The lifting operator $\mathbf{r}(\mathbf{v_h})$ for the '2nd version' of Bassi-Rebay scheme for elliptic problems in $d$ dimensions is defined as $$ \int_{\Omega_h} \mathbf{w}_h \cdot \mathbf{r}(\mathbf{v}_h)\,\mathrm{d}\mathbf{x} = -\int_{E} \{\mathbf{w}_h\}\cdot \mathbf{v}_h \,\mathrm{d}S, $$ where $$ \mathbf{v}_h \in \mathbf{V}_h,\:\mathbf{w}_h \in \mathbf{V}_h\\ V_h = \{v_h \in L^2(\Omega_h) : \bigl. v_h\bigr|_K\in \mathbb{P}_k(K) \:\forall K\in \mathcal{T}_h\}\\ \mathbf{V}_h = \{v_h \in \bigl(L^2(\Omega_h)\bigr)^d : \bigl. v_h\bigr|_K\in \bigl(\mathbb{P}_k(K)\bigr)^d \:\forall K\in \mathcal{T}_h\}, $$ and $E$ is an edge of element belonging to triangulation $\mathcal{T}_h$.
The weak form for Laplace equation discretized with BR2 then contains terms such as $$ \int_{\Omega_h} \bigl(\nabla v_h\bigr) \cdot \mathbf{r}\bigl([\![u_h]\!]\bigr)\,\mathrm{d}\mathbf{x},\quad u_h, v_h \in V_h, $$ for which the definition of the lifting operator can be used to convert the integral over $\Omega_h$ into surface integral over element edge.
There are also face terms such as $$ \int_{E} [\![v_h]\!] \cdot \mathbf{r}\bigl([\![u_h]\!]\bigr)\,\mathrm{d}S. $$ How should these be evaluated?
The only approach I can think of is to use the definition of the lifting operator with all test functions $\mathbf{w}_h$ belonging to one element in order to assemble a local linear system where the expansion coefficients of $\mathbf{r}(\mathbf{v}_h)$ are unknowns (i.e.
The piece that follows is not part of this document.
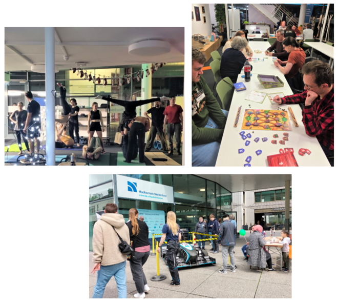 Experience - technology, team spirit and participation in the Future Work Lab around the Behnisch-Haus site in Krefeld. We will be showing several highlights from The Hochschule Niederrhein. Come along, take a look behind the scenes of student projects and experience how much passion there is in teamwork, movement and play.

I would assume that $\mathbf{r}(\mathbf{v}_h)$ can be represented as a linear combination of basis functions). If I do that, then I can work with the lifting operator restricted to element traces. This seems to be a bit strange to me though and I'm afraid I completely missed the point.
Remark - notation: Let $E$ be an internal edge shared by two elements $K^{+}$ and $K^{-}$ and let $\mathbf{n}^{+}$ and $\mathbf{n}^{-}$ be outer normals of $K^{+}$ and $K^{-}$ on this edge. The jump $[\![\cdot]\!]$ and average $\{\cdot\}$ operators are defined as follows:
- $[\![v_h]\!] = v_h^{+}\mathbf{n}^{+} + v_h^{-}\mathbf{n}^{-}$ for $v_h \in V_h$
- $[\![\mathbf{v}_h]\!] = \mathbf{v}_h^{+} \cdot \mathbf{n}^{+} + \mathbf{v}_h^{-} \cdot \mathbf{n}^{-}$ for $\mathbf{v}_h \in \mathbf{V}_h$
- $\{v_h\} = \frac{1}{2}(v_h^{+} + v_h^{-})$, $v_h \in V_h$
- $\{\mathbf{v}_h\} = \frac{1}{2}(\mathbf{v}_h^{+} + \mathbf{v}_h^{-})$, $\mathbf{v}_h \in \mathbf{V}_h$
The superscript ${}^{\pm}$ refers to trace quantities restricted to edge (face in 3D) from $K^{+}$ and $K^{-}$, respectively.